- **What this task involves**:
Transcribe exactly the lines below that begin at the line with "Замечательное многофункциональное ведро" and stop after the line with "太くて中途半端な丈のパンツな", leaving out every picture.

- **Material supplied**:
***
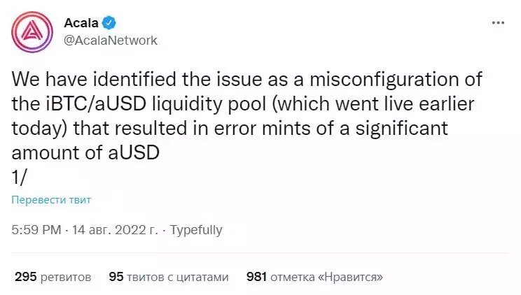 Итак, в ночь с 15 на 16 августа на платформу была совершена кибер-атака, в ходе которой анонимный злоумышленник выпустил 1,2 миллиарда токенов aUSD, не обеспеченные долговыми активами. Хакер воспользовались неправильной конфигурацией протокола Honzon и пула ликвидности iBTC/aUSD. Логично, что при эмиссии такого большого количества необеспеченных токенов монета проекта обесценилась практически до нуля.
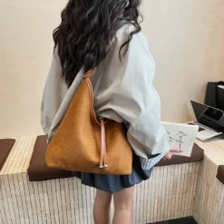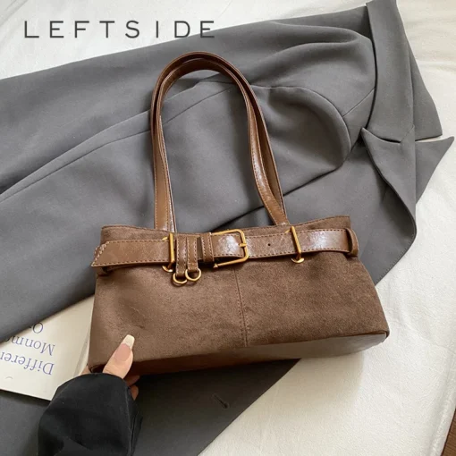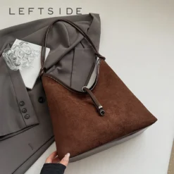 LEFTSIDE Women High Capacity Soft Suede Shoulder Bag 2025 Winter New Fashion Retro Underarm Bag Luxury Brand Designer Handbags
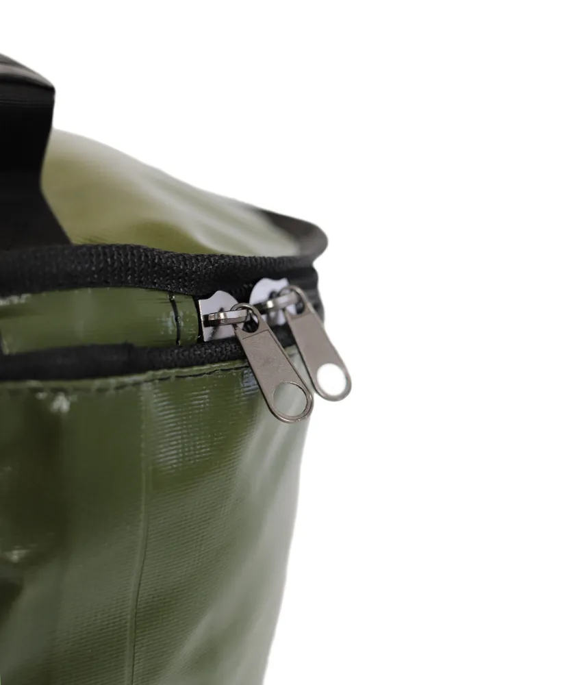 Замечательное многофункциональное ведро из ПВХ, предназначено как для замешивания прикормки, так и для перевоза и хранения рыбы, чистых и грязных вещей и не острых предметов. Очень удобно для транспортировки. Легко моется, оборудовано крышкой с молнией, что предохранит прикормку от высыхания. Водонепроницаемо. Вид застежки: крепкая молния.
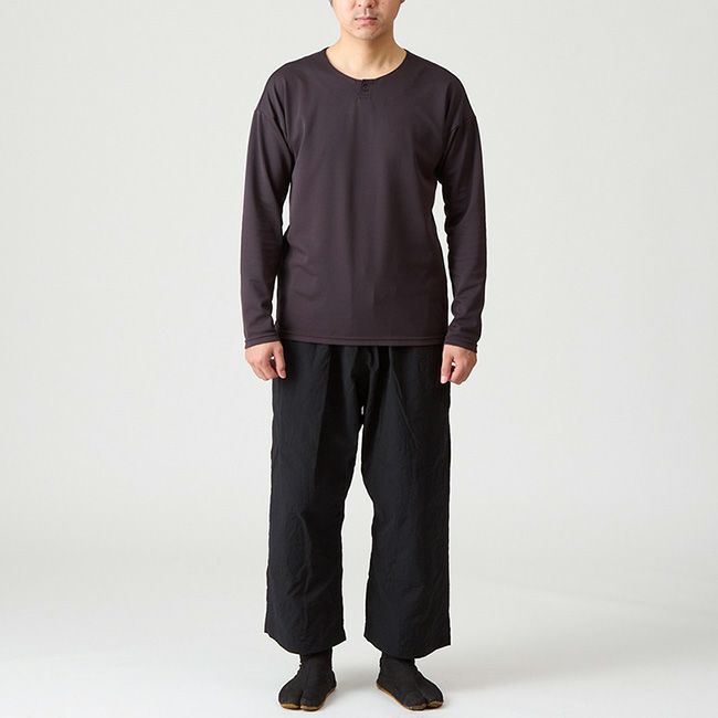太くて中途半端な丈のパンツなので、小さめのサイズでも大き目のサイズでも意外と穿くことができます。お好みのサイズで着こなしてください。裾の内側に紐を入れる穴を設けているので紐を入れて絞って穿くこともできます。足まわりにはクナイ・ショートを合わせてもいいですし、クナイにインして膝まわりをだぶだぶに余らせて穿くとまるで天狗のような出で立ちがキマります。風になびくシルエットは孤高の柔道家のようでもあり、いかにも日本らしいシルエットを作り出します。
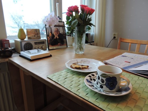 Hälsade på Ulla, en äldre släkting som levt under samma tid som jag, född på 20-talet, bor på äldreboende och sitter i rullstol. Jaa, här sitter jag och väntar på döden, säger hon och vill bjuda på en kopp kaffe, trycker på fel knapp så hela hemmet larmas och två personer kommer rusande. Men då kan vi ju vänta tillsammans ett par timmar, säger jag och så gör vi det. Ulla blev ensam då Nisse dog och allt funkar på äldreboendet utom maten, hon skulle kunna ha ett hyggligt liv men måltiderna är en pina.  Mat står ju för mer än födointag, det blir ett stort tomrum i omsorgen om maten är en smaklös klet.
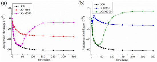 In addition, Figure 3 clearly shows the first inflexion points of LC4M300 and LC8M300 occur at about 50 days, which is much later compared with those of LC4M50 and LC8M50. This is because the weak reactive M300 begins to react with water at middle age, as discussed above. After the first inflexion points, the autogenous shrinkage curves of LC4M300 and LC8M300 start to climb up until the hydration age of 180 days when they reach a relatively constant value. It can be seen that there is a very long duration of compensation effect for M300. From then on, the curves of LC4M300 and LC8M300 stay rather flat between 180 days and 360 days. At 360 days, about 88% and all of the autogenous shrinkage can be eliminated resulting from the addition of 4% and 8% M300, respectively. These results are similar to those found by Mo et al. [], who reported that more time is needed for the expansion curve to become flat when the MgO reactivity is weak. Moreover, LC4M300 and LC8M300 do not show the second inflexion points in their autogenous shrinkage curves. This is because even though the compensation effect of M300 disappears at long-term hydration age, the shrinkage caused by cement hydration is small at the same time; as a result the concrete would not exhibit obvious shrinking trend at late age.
***
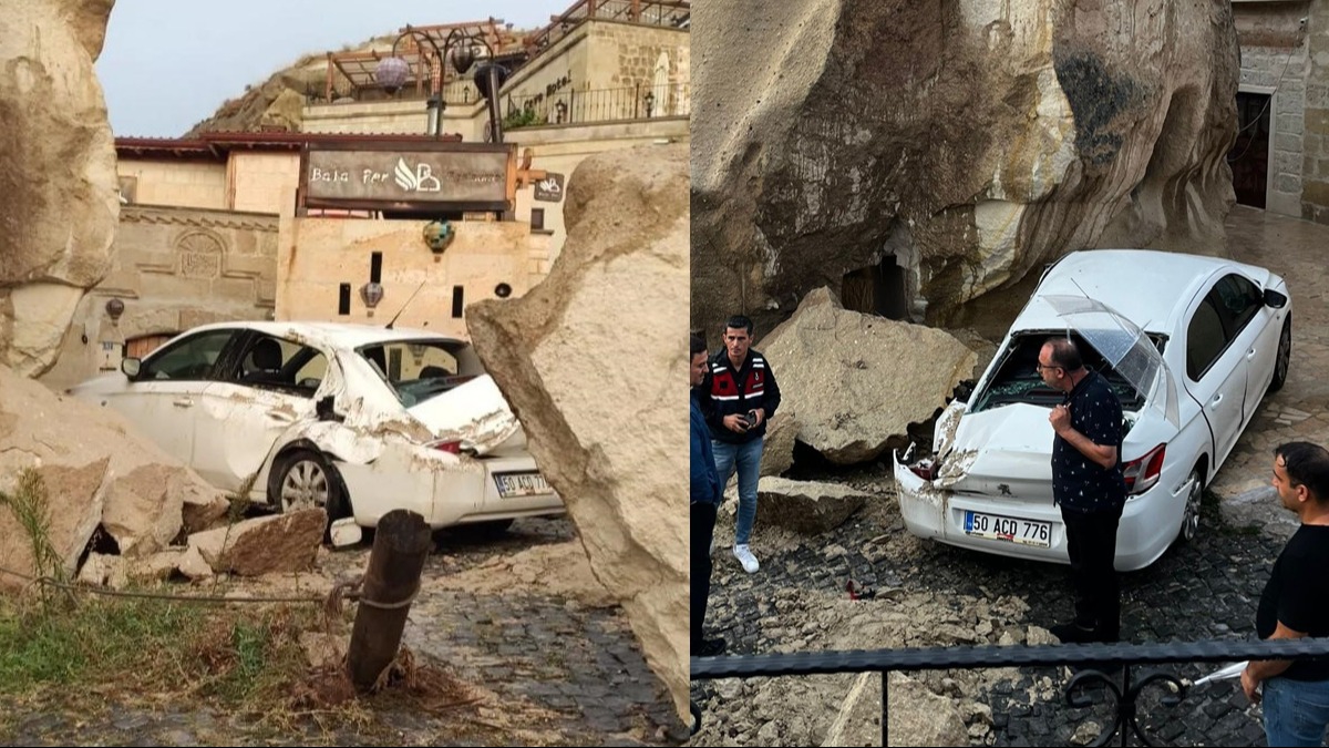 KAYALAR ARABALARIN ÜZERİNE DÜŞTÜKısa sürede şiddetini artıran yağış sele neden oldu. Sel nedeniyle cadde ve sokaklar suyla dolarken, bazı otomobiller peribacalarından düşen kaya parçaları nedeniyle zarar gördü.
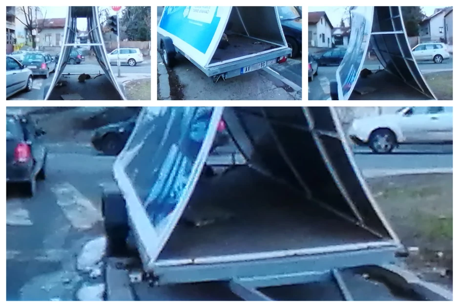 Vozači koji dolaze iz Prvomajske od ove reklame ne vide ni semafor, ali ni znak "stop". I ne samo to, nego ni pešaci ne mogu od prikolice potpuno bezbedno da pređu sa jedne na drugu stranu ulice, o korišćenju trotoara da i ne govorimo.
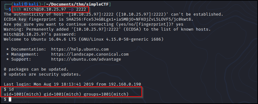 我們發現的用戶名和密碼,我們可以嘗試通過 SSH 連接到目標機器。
***
- **Written reply**:
 Замечательное многофункциональное ведро из ПВХ, предназначено как для замешивания прикормки, так и для перевоза и хранения рыбы, чистых и грязных вещей и не острых предметов. Очень удобно для транспортировки. Легко моется, оборудовано крышкой с молнией, что предохранит прикормку от высыхания. Водонепроницаемо. Вид застежки: крепкая молния.
太くて中途半端な丈のパンツなので、小さめのサイズでも大き目のサイズでも意外と穿くことができます。お好みのサイズで着こなしてください。裾の内側に紐を入れる穴を設けているので紐を入れて絞って穿くこともできます。足まわりにはクナイ・ショートを合わせてもいいですし、クナイにインして膝まわりをだぶだぶに余らせて穿くとまるで天狗のような出で立ちがキマります。風になびくシルエットは孤高の柔道家のようでもあり、いかにも日本らしいシルエットを作り出します。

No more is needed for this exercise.